How do we implement these functions in Scala?

In Scala a built-in feature has been provided to cater for such scenarios, which is by using either foldLeft or foldRight. This is how those three functions are defined in Scala

  // For the sake of simplicity we are assuming that there are no 'null' contents in the list.

  // Initial accumulator value = 0. 
  // The accumulator is recalculated with an addition in every iteration.
  val sumIntegers = list.foldLeft(0)((accumulator, item) => accumulator + item)

  // Initial accumulator value = 1.
  // The accumulator is recalculated with a multiplication in every iteration.
  val productIntegers = list.foldLeft(1)((accumulator, item) => accumulator * item)

  // Initial accumulator value = the first item in the list.
  // The accumulator is compared and updated if the iterated item is shorter.
  val shortestString = list.foldLeft(list(0))((accumulator, item) => {
                         if (item.length<accumulator.length) item
                         else accumulator
                       })

I’m discussing the 1st one. Once you understand how it works for the 1st one, it should be easy enough to understand the other two. Take a look at this line:

  val sumIntegers = list.foldLeft(0)((accumulator, item) => accumulator + item)

Method foldLeft belongs to the collection instance. It takes two parameters:

  • The initial accumulator value, which is 0, and
  • The function to recalculate the accumulator.This function takes two parameters: The accumulator and the list item. In this case we want the accumulator to be the sum of every list item. Hence the addition.

The other two examples follow the same behaviour as the first one. I’m leaving them to you to play around with the values and give it a try.

BTW, the naming is not very strict in the function definition above. I’m just naming them accumulator and item for the sake of readability. If you want, you can name them differently as shown below:

  val sumIntegers = list.foldLeft(0)((a, b) => a + b)

Wait, where is foldRight?

In all the examples stated above we always use foldLeft. What about foldRight? What’s the difference between them? Why am I not using foldRight at all in these examples?

There are a few differences between them:

  • Method foldLeft will trace the list item from the left to the right. While foldRight, right to the left. Shown below:
    • foldLeft: ((((1 + 2) + 3) + 4) + 5)
    • foldRight: (1 + (2 + (3 + (4 + 5))
  • Method foldRightmay throw StackOverflowException if there are too many items in the list. It’s not the case for foldLeft. More detailed explanations below.

Method foldLeft‘s implementation uses the while...do in order to trace every list item while method foldRight will trace every list item recursively. There is a drawback by looping the list recursively: it consumes more memory. Stack memory to be more exact. If the list contains too many items, the system is more likely to throw StackOverflowException. That’s why in most cases foldLeft is always preferred to foldRight.
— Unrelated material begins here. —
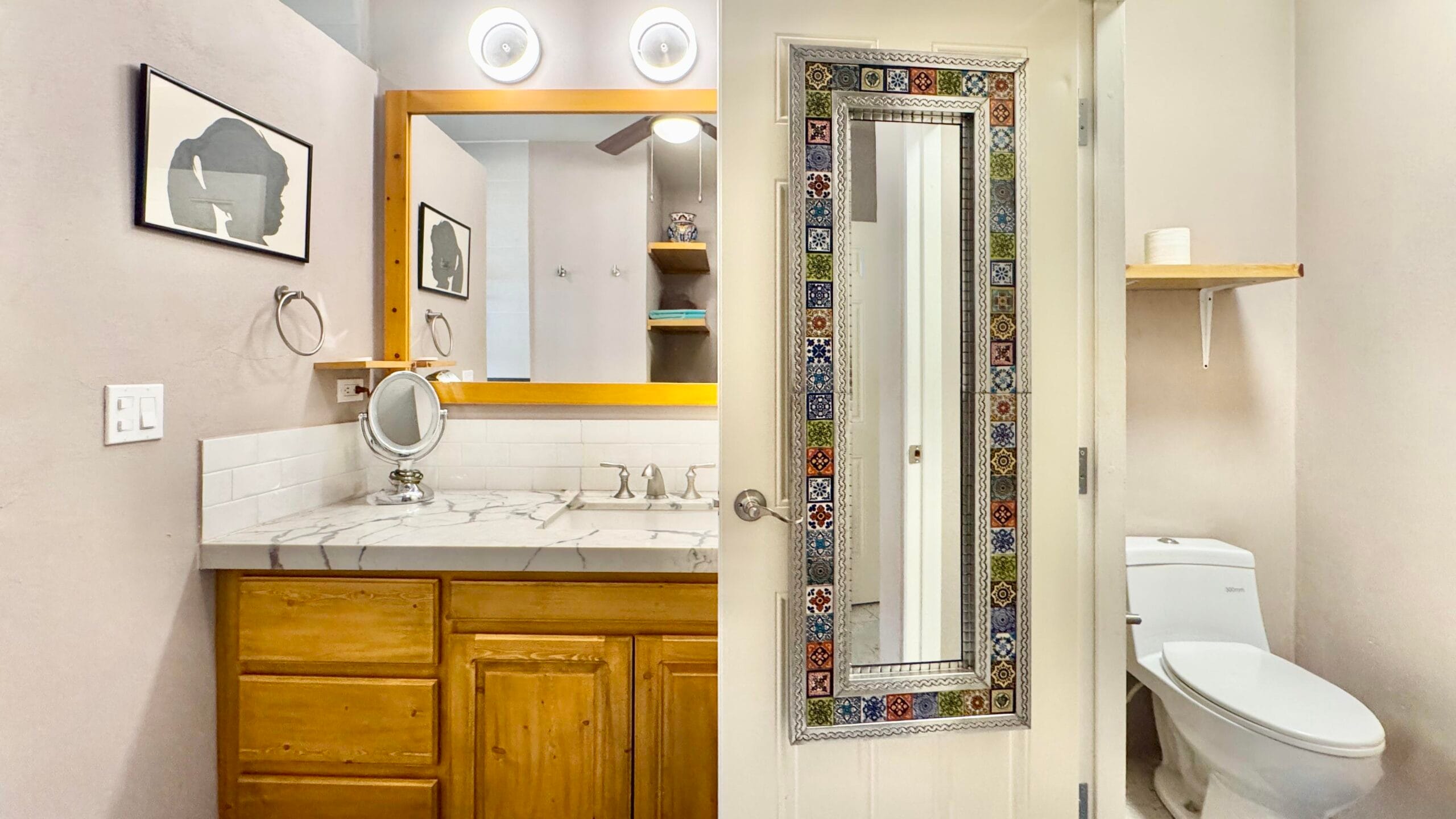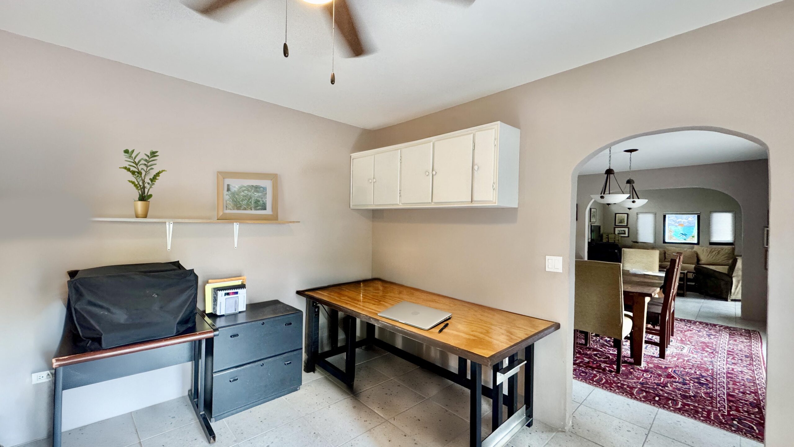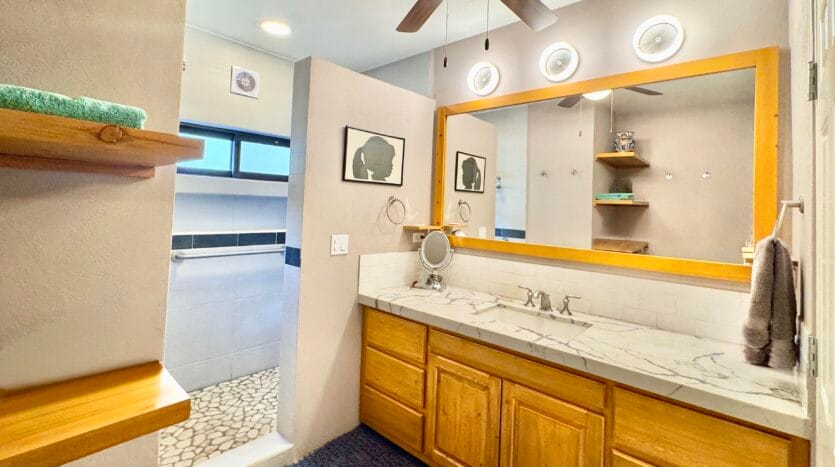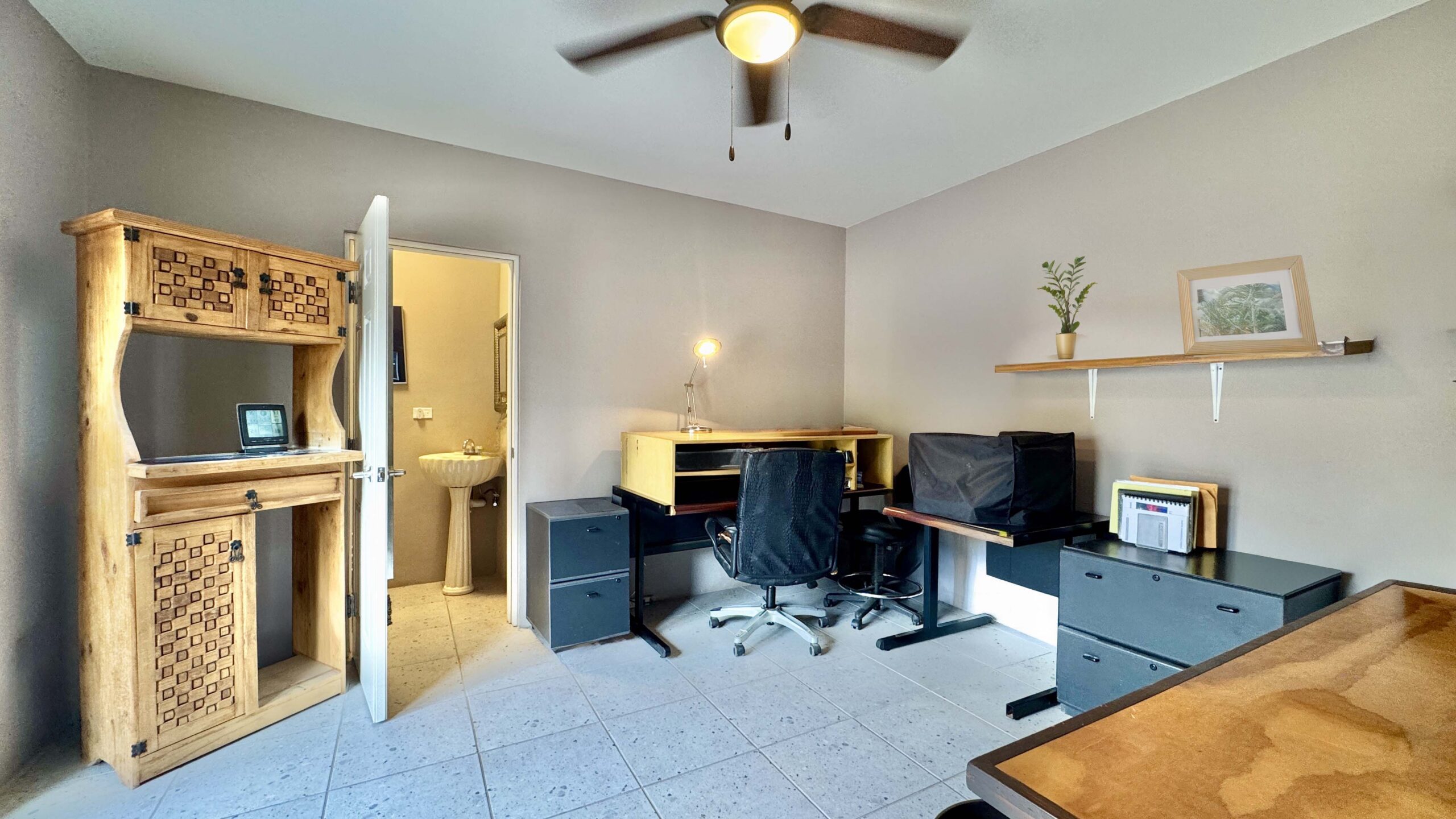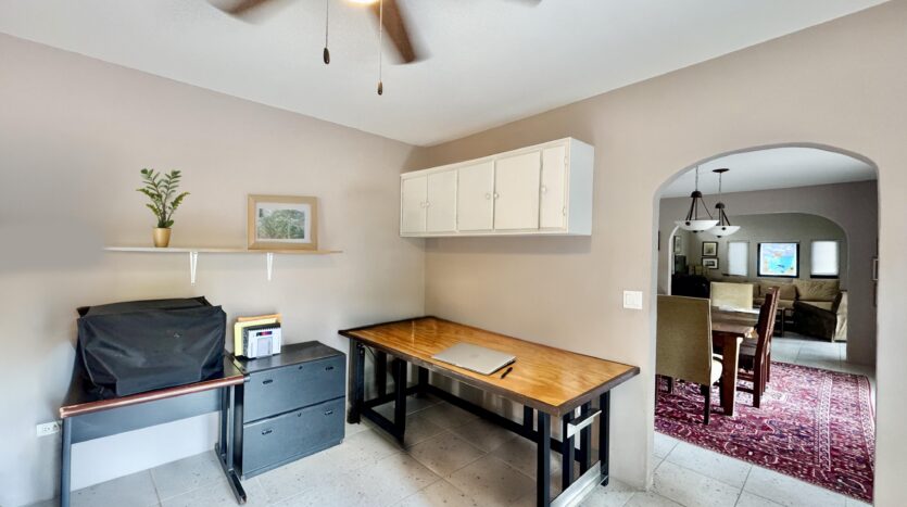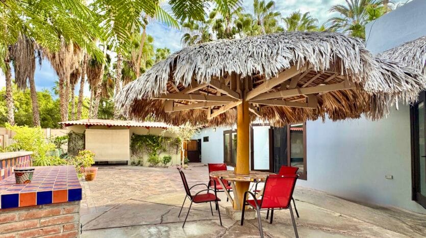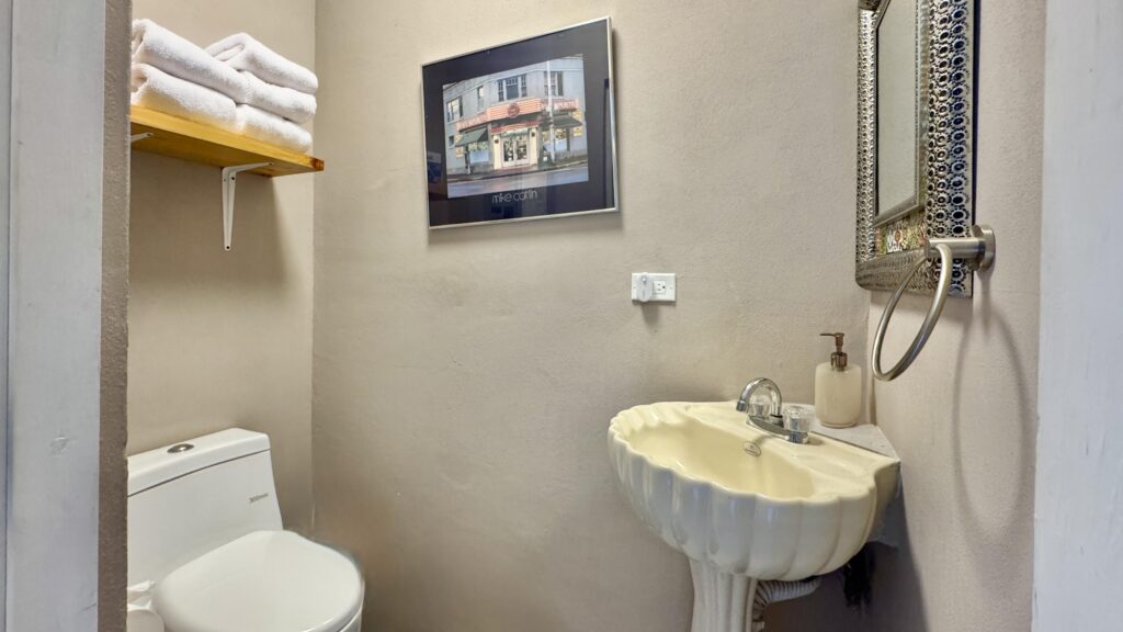 While the main home is configured as a one-bedroom residence, the fully independent guest casita, complete with its own bathroom and walk-in closet, effectively creates a functional two-bedroom, two and a half-bath layout, ideal for visiting family, rental use, or extended stays.

But why are they different?

The answer lies in the way a List is structured in Scala. Scala’s List is different than Java’s. I’d just briefly say that when Scala defines a list such as List(1, 2, 3), in the back-end it’s actually structured as List(1, List(2, List(3, Nil))). Yes, by its very nature List is nested in Scala. Pretty strange, huh?

This demands another article for more thorough explanation. I have no plan to cover this in the future. I’m sure other people can explain it better than I do.

So basically foldRight is useless?

Yes. Most of the time. I have not yet found a scenario where it is better to use foldRight rather than foldLeft. And I don’t think this behaviour will change in the near future. It’s just the way it is natively structured in Scala.

And now, the not-so-sweetener syntactic sugars.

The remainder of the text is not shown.